EXERCISE AIM. What is needed is an exact copy of the entries below, with every picture left out.

DATA SUPPLIED.
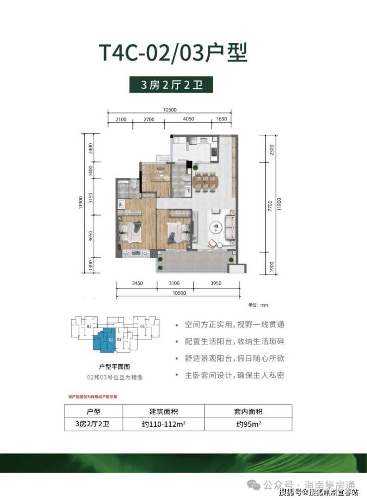 -全明户型,方正实用、公摊低,大主卧、超大景观阳台设计
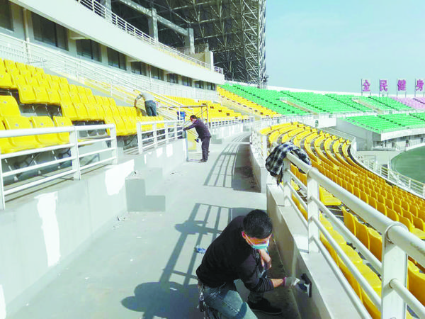 本报讯 今年9月,省十三运会开幕式将在市体育中心体育场举行。3月13日,记者在市体育中心体育场看到,这里正在进行改造升级,工人们正在粉刷场馆内外墙(如图)。
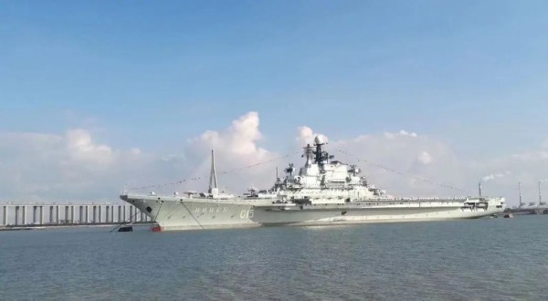 接着沿着苏锡通沿江景观带步道观看大型航母。
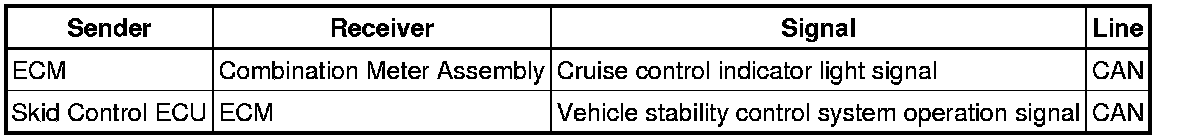 * The ECM illuminates the cruise control indicator light in the combination meter assembly when it receives the cruise control main switch on signal.
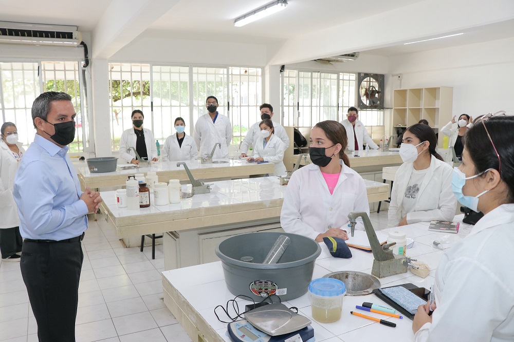 A su paso por salones y laboratorios, el rector se presentó y saludó a los estudiantes que se encontraban haciendo sus prácticas o tomando clases, dándoles la bienvenida a la Universidad de Colima: “nos da mucho gusto tenerlos de nuevo en la Universidad y que puedan ya incorporarse a las actividades presenciales. Quiero decirles que el que cumplan con el protocolo de seguridad es importante, ya que nos permitirá paulatinamente que más compañeros de ustedes puedan irse incorporando”.
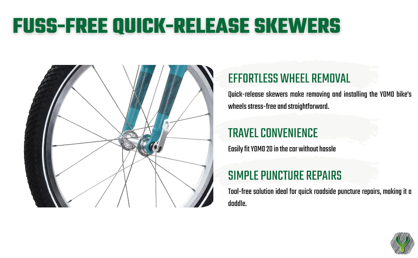 The YOMO 20 comes equipped with a full Shimano 7-speed gear system, including a Shimano Tourney super-short cage rear derailleur, a Shimano RapidFire Plus shifter, and a Shimano wide-ratio 7-speed Hyperglide cassette.
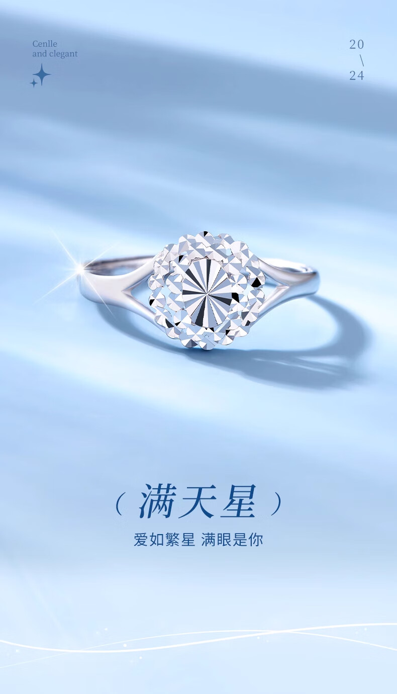 CHINA GOLD Gypsophila open ring pt950 platinum new women's ring Valentine's Day birthday gift for girlfriend and wife Gypsophila platinum ring about 2.3g
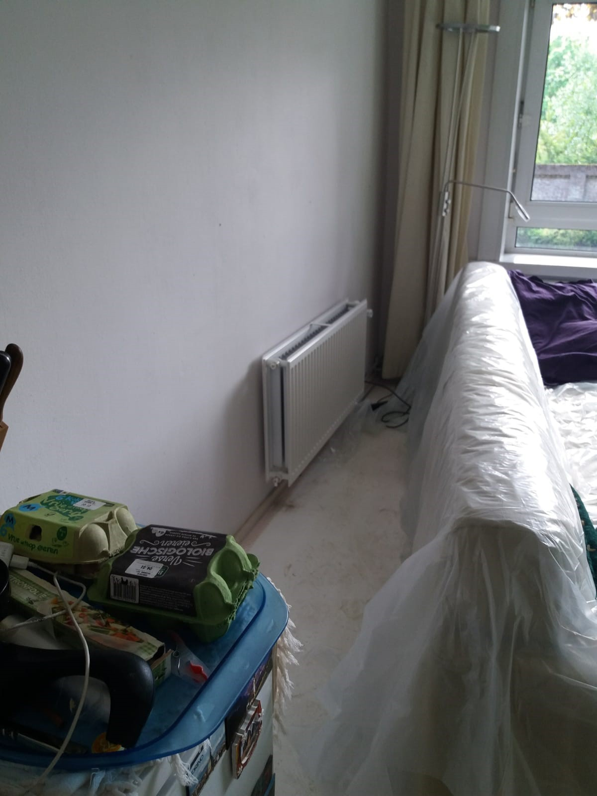 ''De wc en douche zijn vandaag betegeld. Morgen wordt het vloertje gelegd in de douche en wc. Verder voorbereidingen getroffen om de schoorsteen te verwijderen. Ze gaan het puin door het raam afvoeren en hebben alles wat nog in de kamer staat afgedekt met plastic. De enige schone plek in huis is de slaapkamer. Op 4 juni kan ik inductiekoken. O ja, ik heb gedoucht: heerlijk.''
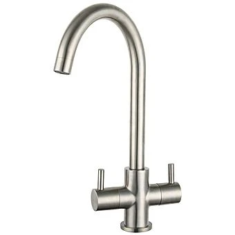 A premium quality kitchen tap. The hot and cold levers are operated around a smooth quarter-turn motion for easy water flow control and mixing. These taps will operate on a relatively low minimum pressure of just 0.5 Bar. The spout swivels smoothly around, and has a reach of 171.6mm from the tap hole, with spout height of 245mm and total height of 336.5mm. This contemporary design and brushed steel finish will be your new favourite part of your kitchen.
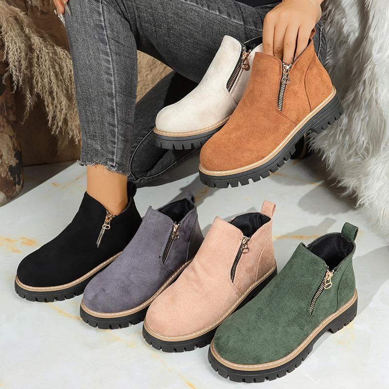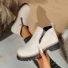 Damen Stiefeletten mit runder Zehenpartie, Martin Boots mit Blockabsatz und seitlichem Reißverschluss, Herbst Winter Kurzstiefel für Damen
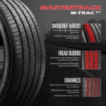 The Mastertrack M-TRAC GT Tire is an innovative, high performance tire. Its asymmetric tread design optimizes braking, cornering, and acceleration for a more responsive and controlled drive and the semi-closed shoulders reduce noise levels and increase stability, providing a quieter and more stable ride.
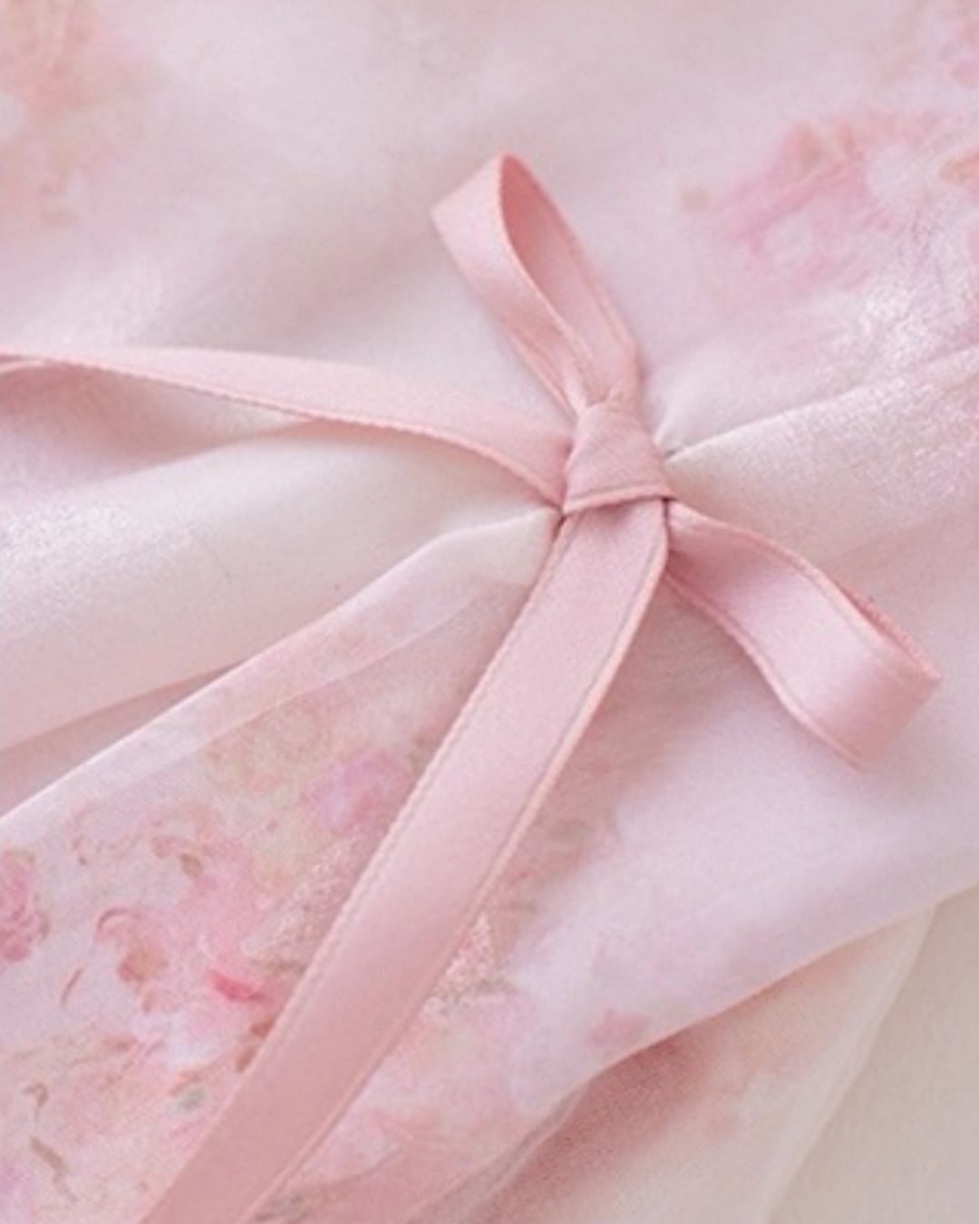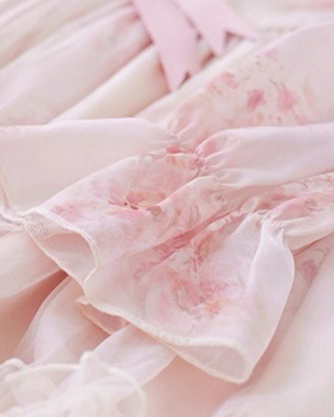 やさしいピンクの花柄とレースが重なり
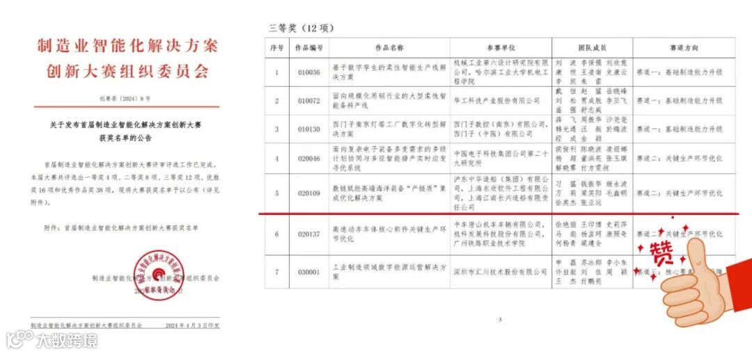 近日,首届制造业智能化解决方案创新大赛总决赛暨创新大会在重庆永川举行。公司从全国80支决赛队伍中再次脱颖而出,获得全国三等奖。这是公司继第五届中国工业互联网大赛摘银后,在数智化创新领域获得的又一荣誉。
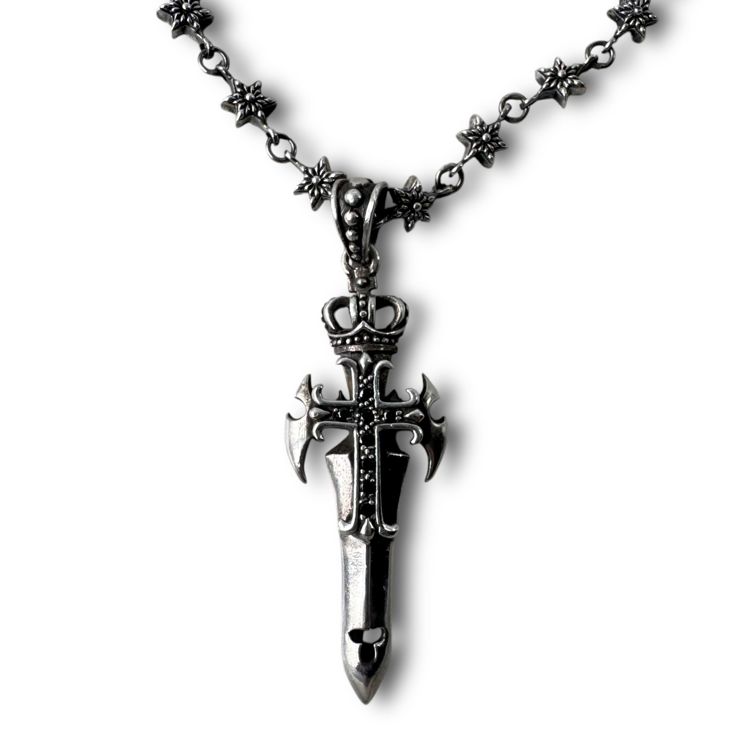 ドスペ。ダガーの上にクロスが設置された魅力的なデザインシルバーネックレス‼️✨️

SOLUTION.
 -全明户型,方正实用、公摊低,大主卧、超大景观阳台设计
 本报讯 今年9月,省十三运会开幕式将在市体育中心体育场举行。3月13日,记者在市体育中心体育场看到,这里正在进行改造升级,工人们正在粉刷场馆内外墙(如图)。
 接着沿着苏锡通沿江景观带步道观看大型航母。
 * The ECM illuminates the cruise control indicator light in the combination meter assembly when it receives the cruise control main switch on signal.
 A su paso por salones y laboratorios, el rector se presentó y saludó a los estudiantes que se encontraban haciendo sus prácticas o tomando clases, dándoles la bienvenida a la Universidad de Colima: “nos da mucho gusto tenerlos de nuevo en la Universidad y que puedan ya incorporarse a las actividades presenciales. Quiero decirles que el que cumplan con el protocolo de seguridad es importante, ya que nos permitirá paulatinamente que más compañeros de ustedes puedan irse incorporando”.
 The YOMO 20 comes equipped with a full Shimano 7-speed gear system, including a Shimano Tourney super-short cage rear derailleur, a Shimano RapidFire Plus shifter, and a Shimano wide-ratio 7-speed Hyperglide cassette.
 CHINA GOLD Gypsophila open ring pt950 platinum new women's ring Valentine's Day birthday gift for girlfriend and wife Gypsophila platinum ring about 2.3g
 ''De wc en douche zijn vandaag betegeld. Morgen wordt het vloertje gelegd in de douche en wc. Verder voorbereidingen getroffen om de schoorsteen te verwijderen. Ze gaan het puin door het raam afvoeren en hebben alles wat nog in de kamer staat afgedekt met plastic. De enige schone plek in huis is de slaapkamer. Op 4 juni kan ik inductiekoken. O ja, ik heb gedoucht: heerlijk.''
 A premium quality kitchen tap. The hot and cold levers are operated around a smooth quarter-turn motion for easy water flow control and mixing. These taps will operate on a relatively low minimum pressure of just 0.5 Bar. The spout swivels smoothly around, and has a reach of 171.6mm from the tap hole, with spout height of 245mm and total height of 336.5mm. This contemporary design and brushed steel finish will be your new favourite part of your kitchen.
 Damen Stiefeletten mit runder Zehenpartie, Martin Boots mit Blockabsatz und seitlichem Reißverschluss, Herbst Winter Kurzstiefel für Damen
 The Mastertrack M-TRAC GT Tire is an innovative, high performance tire. Its asymmetric tread design optimizes braking, cornering, and acceleration for a more responsive and controlled drive and the semi-closed shoulders reduce noise levels and increase stability, providing a quieter and more stable ride.
 やさしいピンクの花柄とレースが重なり
 近日,首届制造业智能化解决方案创新大赛总决赛暨创新大会在重庆永川举行。公司从全国80支决赛队伍中再次脱颖而出,获得全国三等奖。这是公司继第五届中国工业互联网大赛摘银后,在数智化创新领域获得的又一荣誉。
 ドスペ。ダガーの上にクロスが設置された魅力的なデザインシルバーネックレス‼️✨️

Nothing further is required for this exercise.